However, based on the presumption that typical software does
spend something like 99% of the time in 1% of the code (and
that 1% tends to be fairly 'tight' loops), I am not convinced
that the extra memory space that a program will take up (both
code and data) due to cache-line alignments is more likely to
cause the program to slow down more than it will cause it to
speed up (in that critical 1% of the code).

This will be dependent on how big the working set is during
the execution of that speed-critical code, in particular
whether the working set is caused to exceed available RAM; if
it is, then the program will indeed be slowed down. But, of
course, I am saying that even cheap computers have a lot of
RAM these days, so I think that eventuality is unlikely.

> ...
>> In any event, all the compiler has to do to align the stack
>> to 2^n bytes just prior to (parameter pushing and) subroutine
>> call is to emit:
>>
>>     and esp, -2^n
>>
>> et voila!
>
> How do you undo this when you leave the scope? You have to
> save the ESP value somewhere and restore it to do that, and
> *that* is an extra overhead.

Well, I don't think so. The usual thing is to do is to save
ESP in the EBP register at stack frame creation, and restore it
 from EBP just prior to return. There is, I grant, a need for a
little care, in that one would (I guess) need to do the stack
alignment I suggested before pushing anything onto the stack
that you might want to pop off it afterwards. Otherwise, I
think the 'and' instruction is the only extra thing required.

I vaguely remember that I have actually used this technique,
but a long time ago.

>
> ...
>> > Similarly, existing Windows linkers don't support
>> > alignments beyond 16 to my knowledge -- so again you would
>> > have to do something at runtime with a penalty.
>>
>> But then the point is that the linkers /should/ support other
>> alignments. It's no good saying "Oh, we can't do that because
>> the linker doesn't support it!" Obviously, you need to change
>> the linker. It's called not letting the tail wag the dog :-)
>
> You know as well I as do that you don't get to change your
> target system to your whim. You have to use the tools that
> users want to use, such as the Microsoft linker.
>
> But even if you wrote your own linker, I don't think that there
> is any guarentee of alignment in the loading of the parts of an
> .EXE file. So I don't know if any alignment that you have in
> your linker would actually be preserved.

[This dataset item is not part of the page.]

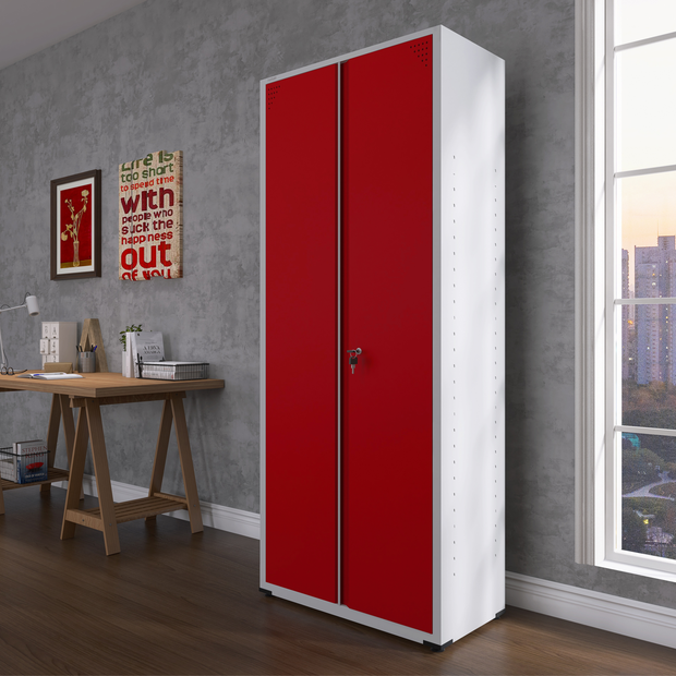 Armário de Aço 2 Portas 4 Prateleiras com Chave AP409SL Cinza/Vermelho

I can't quickly find information on the subject, but I rather
suspect that an .EXE or .DLL is likely to be loaded page
aligned. That would mean alignments up to the page size would
be safe.

Also, I think possibly we're arguing at crossed purposes on
this point. I'm only arging that linkers and execution
environments /should/ support cache-line alignments. I accept
that many do not, in practice, and I accept that a compiler
targetting such a linker or environment cannot be expected
to so so either. I think this is how Robert's original comment
can be construed, also.

-- 
Nick Roberts